(Phys.org)—A hypersonic flight experiment at eight times the speed of sound, led by a University of Queensland PhD student, has safely launched in Norway.
PhD student Dillon Hunt, a senior mission systems engineer with Australia's Defence Science and Technology Organisation (DSTO), was scientific and technical lead for the trial.
It involved scientists from four nations and held at the Andøya Rocket Range, 300km inside the Arctic Circle, in September.
Mr Hunt was assisted by his colleagues from DSTO as well as Dr Sandy Tirtey, Ms Amy Dedman and Dr Brad Sharp from UQ, who were there for training purposes for the SCRAMSPACE flight which will occur in the near future.
The flight was the fifth in a series of nine flight trials being conducted in the Hypersonics International Flight Research Experimentation (HIFiRE) program.
The HIFiRE program aims to learn more about hypersonic flight (speeds above Mach five), and consists of a series of experiments flown on several sounding rockets.
The experiments compare flight data with information from experimental ground test facilities and computer models.
Mr Hunt said the mission was successfully conducted without incident and was a technical success in testing previously un-flown software and hardware and obtaining extensive data.
"The data is being analysed and we expect to determine the success of the experiment in the New Year," Mr Hunt said.
"Overall it was a collaborative success, with DSTO working with US Air Force Research Laboratory, UQ , the Andøya Rocket Range and the German Aerospace Center, which provided the mobile launcher.
"There are many triumphs and failures encountered in delivering this complex technology which pushes the boundary of human knowledge.
"However, this experiment was a great experience for everybody and has made a significant contribution towards hypersonic flight, even before the flight test started."
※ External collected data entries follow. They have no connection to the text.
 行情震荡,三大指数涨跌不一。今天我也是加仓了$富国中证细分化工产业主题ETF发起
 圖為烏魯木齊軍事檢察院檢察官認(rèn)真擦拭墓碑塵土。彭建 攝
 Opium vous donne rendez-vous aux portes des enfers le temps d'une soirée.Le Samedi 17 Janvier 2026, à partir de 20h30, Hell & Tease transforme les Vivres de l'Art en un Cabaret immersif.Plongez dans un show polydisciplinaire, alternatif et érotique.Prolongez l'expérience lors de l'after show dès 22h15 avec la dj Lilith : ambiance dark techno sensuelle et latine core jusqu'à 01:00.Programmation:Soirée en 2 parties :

In the latest experiment, an air-breathing scramjet engine and its support module with a two-stage rocket booster were launched to an altitude of 350km above the Earth.
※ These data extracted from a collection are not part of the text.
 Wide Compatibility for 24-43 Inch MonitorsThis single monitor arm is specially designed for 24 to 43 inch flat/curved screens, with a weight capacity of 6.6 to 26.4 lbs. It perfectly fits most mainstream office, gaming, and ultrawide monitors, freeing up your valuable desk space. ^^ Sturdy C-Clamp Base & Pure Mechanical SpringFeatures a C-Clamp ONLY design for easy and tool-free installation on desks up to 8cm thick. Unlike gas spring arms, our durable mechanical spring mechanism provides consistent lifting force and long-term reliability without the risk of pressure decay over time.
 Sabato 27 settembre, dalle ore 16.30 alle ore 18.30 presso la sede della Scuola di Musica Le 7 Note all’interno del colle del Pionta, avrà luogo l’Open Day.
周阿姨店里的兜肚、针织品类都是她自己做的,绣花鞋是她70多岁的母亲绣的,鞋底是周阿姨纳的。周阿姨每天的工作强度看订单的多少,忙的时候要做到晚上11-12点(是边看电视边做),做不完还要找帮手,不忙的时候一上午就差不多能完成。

Mr Hunt said the scramjet experiment was conducted during descent at speeds of up to Mach 8 (9000km an hour).
The experiment was planned for a precious few seconds at altitudes between 32km and 25km above the Earth.
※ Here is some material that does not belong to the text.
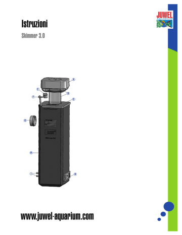 Istruzioni Skimmer 3.0 A E B F C G H I D www.juwel-aquarium.com Introduzione Congratulazioni per aver scelto un acquario JUWEL Aquarium. Grazie per la fiducia accordataci. I nostri prodotti vengono sempre costruiti con la massima accuratezza e con l'impiego di tecniche d'avanguardia. Questi progetti sono il risultato di 4 decenni di esperienza e di test scientifici nella produzione degli acquari. Avvertenze sulla sicurezza: Questo apparecchio non è adatto per essere utilizzato da persone (bambini inclusi) con limitate capacità fisiche, sensoriali e intellettuali o con poca esperienza e/o poche conoscenze, a meno che non vengano sorvegliate dalle persone addette alla loro sicurezza o non ricevano da loro istruzioni su come usare tale apparecchio. I bambini devono essere sorvegliati per accertarsi che non usino l'apparecchio come un giocattolo. Staccare dalle prese di corrente le spine di tutti gli apparecchi funzionanti sott'acqua prima che vengano a contatto con l'acqua. Impiego solo con salvavita, max. 30mA. Le spine degli apparecchi elettrici non devono inumidirsi. Collegare la spina alla presa di corrente ad un altezza tale da formare formare un'ansa nel cavo di alimentazione che consenta il gocciolamento dell'acqua. A) Coperchio coppa della schiuma B) Coppa della schiuma C) Coperchio alloggiamento Skimmer D) Regolatore a cursore scarico acqua E) Regolatore dell'aria F) Tubo dell'aria G) Supporto H) Alloggiamento Skimmer I) Distanziatore 2 JUWEL Skimmer 3.0 Juwel Skimmer 3.0 combina i vantaggi di un prodotto per la schiumatura interna, con il quale l'acqua non lascia l'acquario, con una forma compatta e un'alta capacità di schiumatura. La pompa integrata produce una miscela di aria-acqua fino a 1.500 l/h e garantisce un'efficace schiumatura proteica per acquari ad acqua marina pari a un volume di 100 500 litri. Juwel Skimmer 3.0 non serve però per sostituire un sistema di filtraggio nell'acquario con acqua marina. Nella schiumatura si sfrutta il fatto che si accumulano, soprattutto in acqua salata, molte sostanze cosiddette di superficie nell'interfaccia tra acqua e aria. Questo include le proteine e i loro primi stadi di riduzione (contenenti elementi indesiderati quali azoto e fosforo) ma anche piccolissime particelle di sporcizia (solidi). Montaggio negli acquari JUWEL Juwel Skimmer è previsto per il montaggio nella linea di acquariJuwel Rio, Lido, Vision e Trigon. In questi acquari Juwel, l'apertura per lo Skimmer è già presente e sigillata con un coperchio. Rimuovere questo coperchio, che chiude la copertura. Nota: Set coperchietti per JUWEL Skimmer Se la copertura del vostro acquario JUWEL non dovesse disporre di un supporto adeguato per lo skimmer, si consiglia di rivolgersi al proprio rivenditore specializzato. Qui si può acquistare il set di coperchietti adeguato per lo skimmer come pezzo di ricambio originale JUWEL. Installazione del supporto dello Skimmer Lo Skimmer viene installato e fissato mediante il supporto in dotazione. In tal modo ne viene assicurata la corretta posizione all'interno dell'acquario e quindi risultati ottimali nella schiumatura. L'acquario dovrebbe essere svuotato finché non è possibile asciugare i vetri. Per raggiungere la giusta posizione utilizzare la sagoma in dotazione per posizionare il supporto. 1. Tenere dapprima la sagoma lungo le linee indicate e orientarla come indicato in basso. A 2. Modelli di acquario RIO, LIDO, VISION: appendere la sagoma dall'interno sopra il bordo della lastra laterale sinistra e orientarla rispetto all'angolo posteriore sinistro (vedi figura A). 2. Modello di acquario TRIGON: 25 cm appendere la sagoma dall'interno sopra il bordo della lastra laterale sinistra a una distanza di 25 cm dal bordo esterno posteriore del telaio (vedi figura B). 3. Per evitare che la sagoma possa scivolare la si dovrebbe fissare con un nastro adesivo. B 4. Dopo l'applicazione della sagoma si deve applicare una quantità sufficiente della colla in dotazione JUWEL Conexo (cod.prod. 88355) sul lato esterno del supporto. 5. Incollare il supporto, attraverso l'apertura prevista sulla sagoma, dall'interno contro la lastra dell'acquario, e lasciarlo asciugare per almeno 48 ore. 6. Rimuovere la sagoma al termine del tempo di asciugatura. 48 h 3 Preparazione dello Skimmer 3 - Togliere il coperchio e il collettore di schiuma e rimuovere la parete divisoria dalla vasca. Verificare la corretta posizione orizzontale della spugna sulla griglia. Inserire la pompa nella sede prevista e far passare il cavo di alimentazione attraverso il passacavo inferiore della parete (fig. 1). 3 Inserire il Diffusor con l'adattatore angolare nello scarico della pompa. Collegare il tubo dell'aria nel Diffusor ed introdurre questo nella guida superiore del tubo della parete divisoria (fig. 2). 3 - Mettere il silenziatore tra i due tubi dell'aria e il regolatore dell'aria all'estremità del tubo (fig. 3). - Inserire la parete divisoria nell'alloggiamento (fig. 4) e montare i distanziali sull'alloggiamento (fig. 5). 2 2 2 - Installare il collettore di schiuma e il coperchio della vasca (fig. 6). 1 1 4 6 5 4 Installazione dello Skimmer 1. Inserire lo Skimmer con l'apertura rotonda sul supporto fisso incollato. 2. Installare il coperchio della lampada con l'apertura presente sopra lo Skimmer. 3. Inserire il tubo della coppa della schiuma nell'apertura del coperchio della lampada sopra il collettore della schiuma. 4. Chiudere il collettore della schiuma con il coperchio. Se si vuole chiudere lo spazio tra lo Skimmer e la lastra dell'acquario, passare una striscia di silicone come indicato in figura. In tal modo si evita che i pesci possano andare a nuotare nell'intercapedine. 5 Funzionamento dello Skimmer Collegare il cavo di alimentazione in modo che il vostro skimmer (schiumatore di proteine) sia pronto a funzionare. Ora aprire il regolatore dell'aria ed anche il regolatore a cursore dello scarico dell'acqua finchè la schiuma non raggiunge la metà del gruppo della

Measurements taken during the flight were transmitted to four ground stations, three in Norway and one in Sweden.
A similar engine had previously been tested in UQ's T4 ground test facility at the University's St Lucia campus.
Mr Hunt is part of the Pullenvale, Brisbane-based DSTO team that had its origins in UQ's Centre for Hypersonics, School of Mechanical and Mining Engineering, at the University's St Lucia campus.
He has been involved in seven hypersonics flight experiments, including being the technical lead for the UQ-led HyShot III and HyShot IV flights in Woomera, South Australia, and conducting experimental tests at UQ's T4 ground test facility and at the University of Southern Queensland.
"I feel extremely fortunate that my UQ studies have aided me in my career in literally one of the fastest moving fields in the world," he said.
Pioneering work in the HyShot program in UQ's Centre for Hypersonics has proved that scramjets can work in experimental conditions and in flight, and has underpinned many subsequent advances.
This work has not only led to the development of new scramjet engines, capable of flying at eight to 10 times the speed of sound, but also other advances, such as the development of new materials capable of withstanding the extreme conditions such equipment must face.
With the inclusion of UQ masters, PhDs and postdoctoral fellows on research teams in ground, computer and flight tests over the years, hypersonics programs have also helped train the next generation of aeronautical scientists.
Researchers from UQ, DSTO, AFRL and Boeing in September were honoured with the prestigious von Karman Award for international Co-operation in Aeronautics for their work in developing hypersonic flight technology, and presented a paper on the HIFiRE program at the International Congress on Aeronautics.
The University of Queensland is directly involved in three flights in the HIFiRE series funded by an $8.5 million Queensland Government National and International Research Alliances partnership between UQ, the Queensland Government, Boeing and DSTO.
Indirectly, UQ has been involved with all the other flights of the HIFiRE program and as such has provided opportunities for all levels at UQ.
It is expected that the first of these flights will be conducted in July 2013, with two more flights in 2014 and 2015.